W deklaracji końcowej uczestnicy spotkania wyrazili poparcie dla uregulowania pokojowego z powstaniem dwóch państw: palestyńskiego obok izraelskiego.
Podkreślili, że rozwiązanie to powinno być poszukiwane na drodze dialogu wielostronnego. Zwrócili uwagę na konieczność zakończenia kryzysu humanitarnego w strefie Gazy.

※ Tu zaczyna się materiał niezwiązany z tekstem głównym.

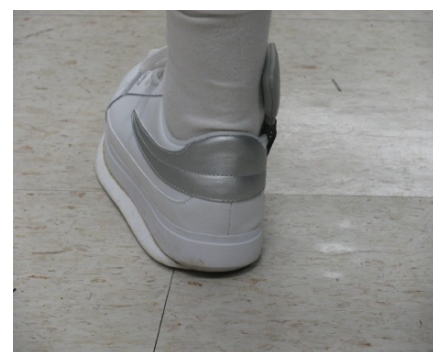
Figure 6: Lateral to medial Posting indication: if spasticity suddenly Increase during swing.
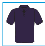
CODE: P1 LADIES/MENS PURPLE
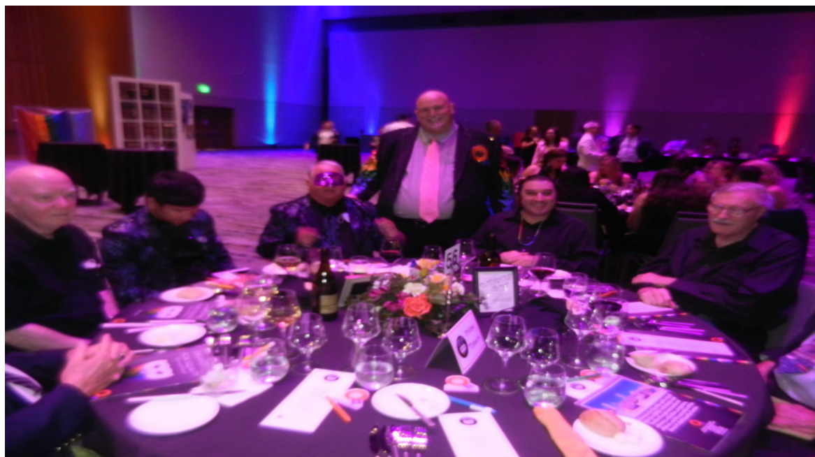
TAPT celebrating the return of the OKEQ Gala 7-17-2021
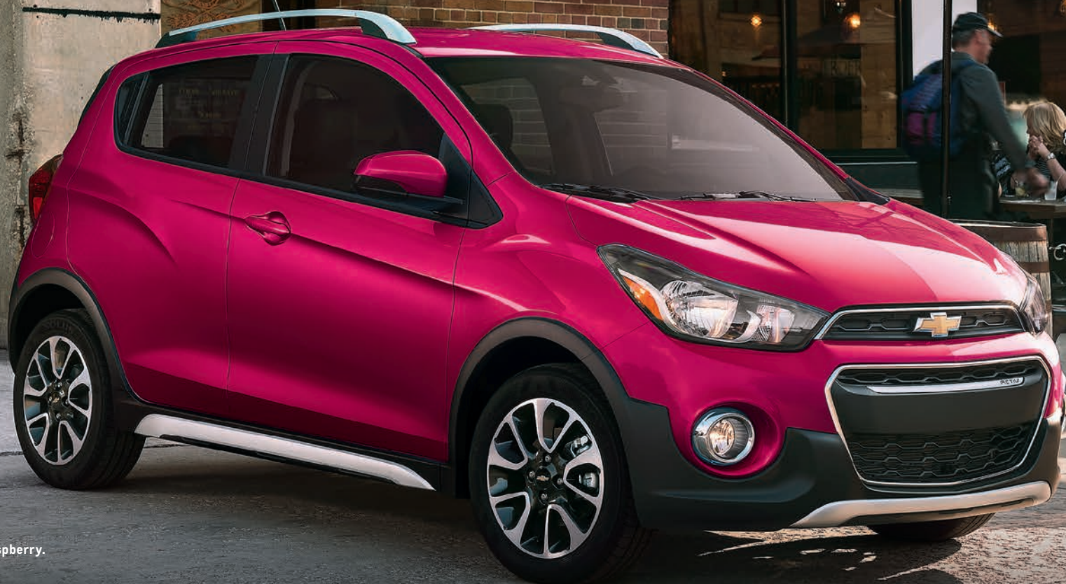
Spark ACTIV in Raspberry.

1 Service varies with conditions and location. Requires active OnStar service and paid AT&T data plan. Vehicle must be on or in accessory mode for Wi-Fi to function. Visit onstar.com for details and limitations. 2 Requires compatible Apple or Android device and data connection. Remote Services require paid plan. 3 Services are subject to User Terms and limitations. Plan does not include emergency or security services. Visit onstar.com for more details. 4 Visit onstar.com for coverage map, system limitations and details. OnStar plan, working electrical system, cell service and GPS signal required. OnStar links to emergency services. 5 If you decide to continue service after your trial, the subscription plan you choose will automatically renew thereafter and you will be charged according to your chosen payment method at then-current rates. Fees and taxes apply. To cancel you must call SiriusXM at 1-866-635-2349. See SiriusXM Customer Agreement for complete terms at siriusxm.com . All fees and programming subject to change.
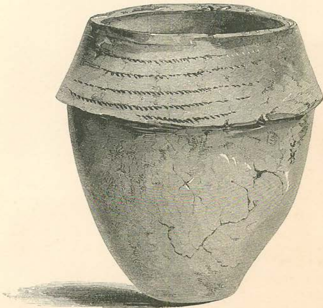
No. 4. Height, 9\frac{1}{2} in. Diam. 8\frac{1}{2} .

Urns discovered, April, 1852, in Excavations at Matlow Hill, near the Flcam Dyke, by the Hon. Richard C. Neville.
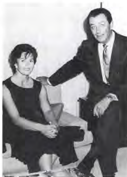
Ursula Thiess Taylor and Robert Taylor on October 25, 1963, at Doane College in Crete.

Taylor helped Doane College begin a developmental campaign to raise five million dollars in October 1963 and received the honorary degree of Doctor of Humane
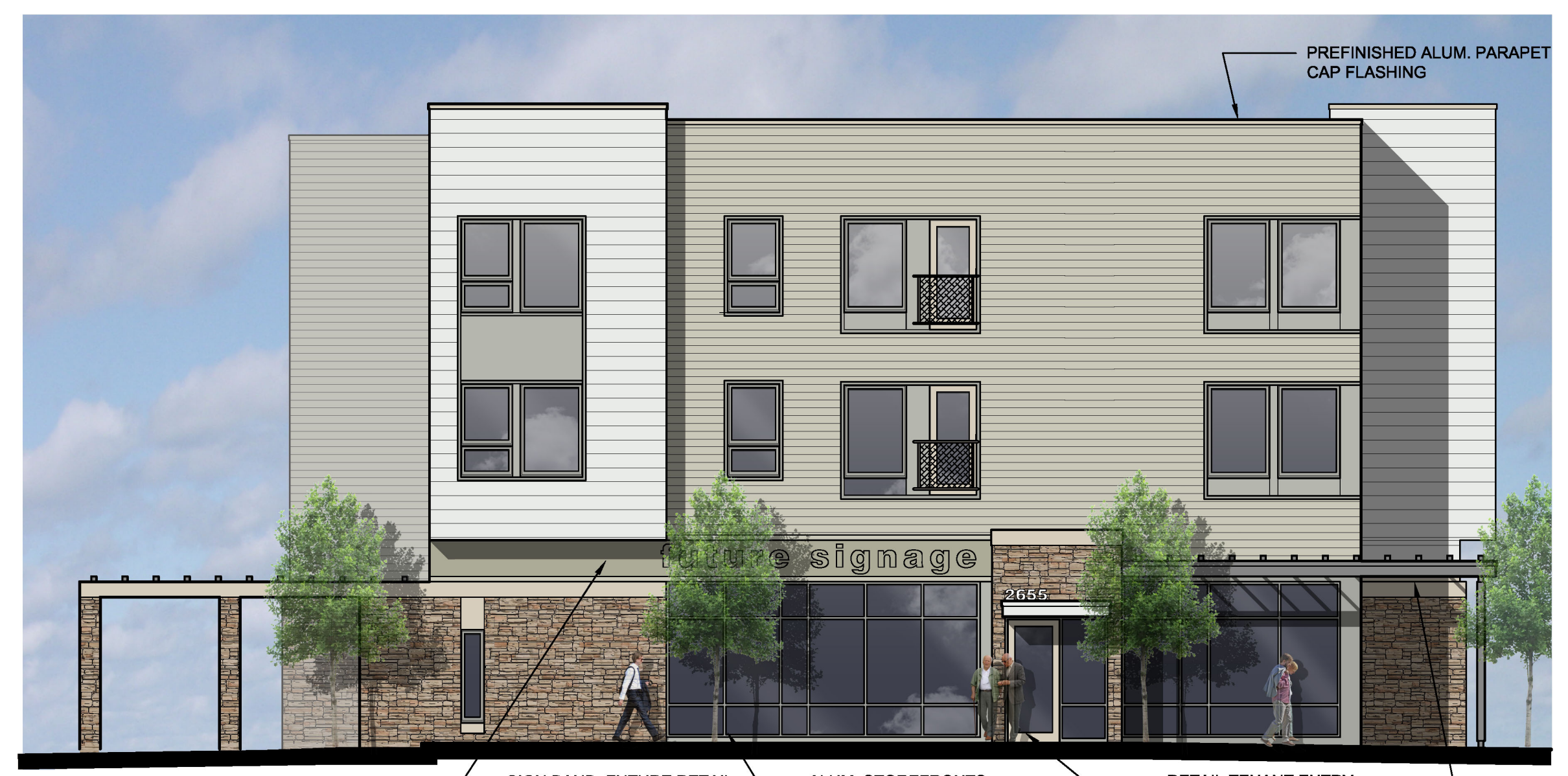
3 NORTH ELEVATION (COLUMBUS AVENUE) A2.11 SCALE: 1/8" = 1'-0"

Takich uchwał było już wiele i nic z nich nie wynikło. Miarą niepowodzenia przedsięwzięcia paryskiego była odmowa podpisania dokumentu końcowego przez W. Brytanię, która ogłosiła, że uczestniczyła w spotkaniu jako obserwator. Brytyjczycy mieli własny powód, by wartość spotkania paryskiego zdeprecjonować: przed paru tygodniami władze Autonomii Palestyńskiej odrzuciły Deklarację Balfoura z 1917 r., czyli rządu W. Brytanii, która sprawowała wtedy powiernictwo nad terytorium Palestyny. Deklaracja stała się podstawą prawną rezolucji ONZ z 1947 r. o powstaniu w Palestynie państwa izraelskiego i arabskiego.
Do Paryża nie zaproszono przedstawicieli Autonomii Palestyńskiej – choć ci konferencję popierali – dla zrównoważenie nieobecności Izraela. Bowiem, premier Izraela, Benjamin Netanjahu konferencję wyśmiał i powiedział, że konflikt izraelsko-palestyński musi być uregulowany przez zainteresowanych, a nie w Paryżu, gdzie chce się urządzić sąd nad Izraelem. A po konferencji stwierdził, że była ona „jałowa” i zorganizowana poza plecami Izraela, by zmusić go do przyjęcia warunków sprzecznych z interesem narodowym.